Irene O’Garden is a very celebrated writer, from “stage to e-screen, hardcovers, children’s books as well as literary magazines and anthologies,” according to her website. Glad to Be Human is very well written, contains beautiful prose, and even contains bouts of delightful humor.

“Birdseed when planted does not grow birds, but when eaten does.”

All 200+ pages of the book contain stories from around the globe, from Paris to Budapest, to the Alzheimer’s ward. While the travels may help broaden one reader’s horizons, I personally had a hard time jumping around. Glad to Be Human is essentially a journal of that time in the author’s life, and while clearly put together with care, I often felt a little… lost.
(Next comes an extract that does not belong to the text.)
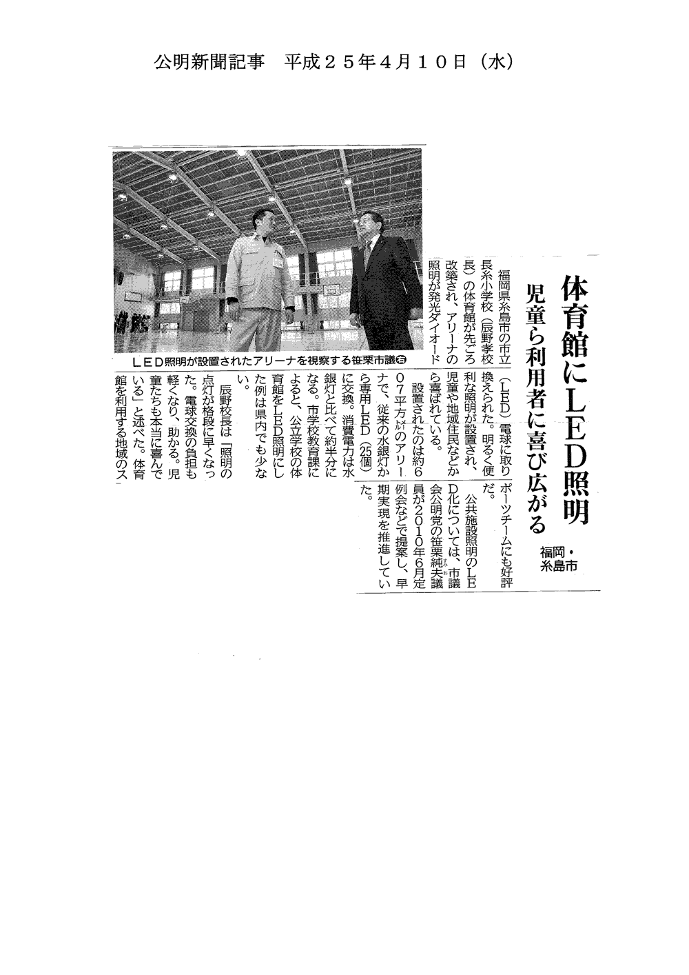 公明新聞:平成25年度4月10日(水)号『体育館にLED照明』

Despite all of my meditative practices, I don’t often feel connected to nature. I don’t have a garden to speak of, living in a rental, and this book absolutely demands (metaphorically, of course) that the reader spend time enjoying nature and gardens and all that mother nature gives to us. I think that I am merely not in the place in my life where I can enjoy that as I should be able to, so the book doesn’t feel like it is a fit for me.
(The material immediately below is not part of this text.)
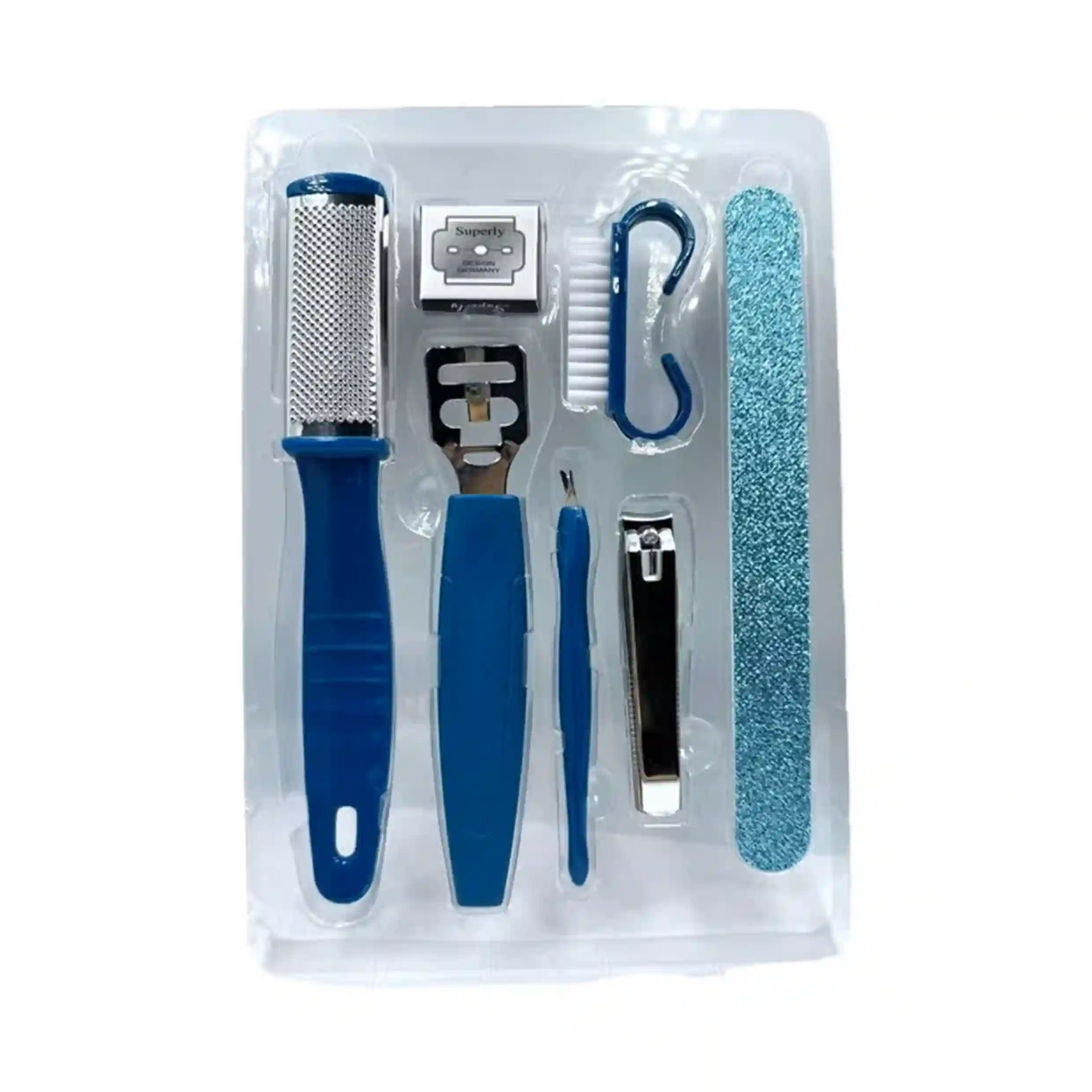 شامل سوهان ناخن، ناخن‌گیر، قیچی کوتیکول، ابزار تمیزکننده پوست، ابزار پدیکور و ابزارهای پاکسازی پوست پا.

I flipped from chapter to chapter trying to find something that would resonate with me right now, in this moment, and I found that within “A Phrase to Melt Anxiety” in the “Sympathies” chapter.

“The more acts of love we recognize, the more relaxed we get to be.”

While I didn’t connect with the book in its entirety, I was able to find little gems and jewels that I will carry with me. I think this is a book that I will put on my shelf and revisit in another few years when my head isn’t clouded by the worries of the world and the weight of the system isn’t bearing down on me.

Or maybe I will send it to my friend Meg. She has a really large garden.

A copy of this book was provided by the publisher, Mango Publishing Group, for review.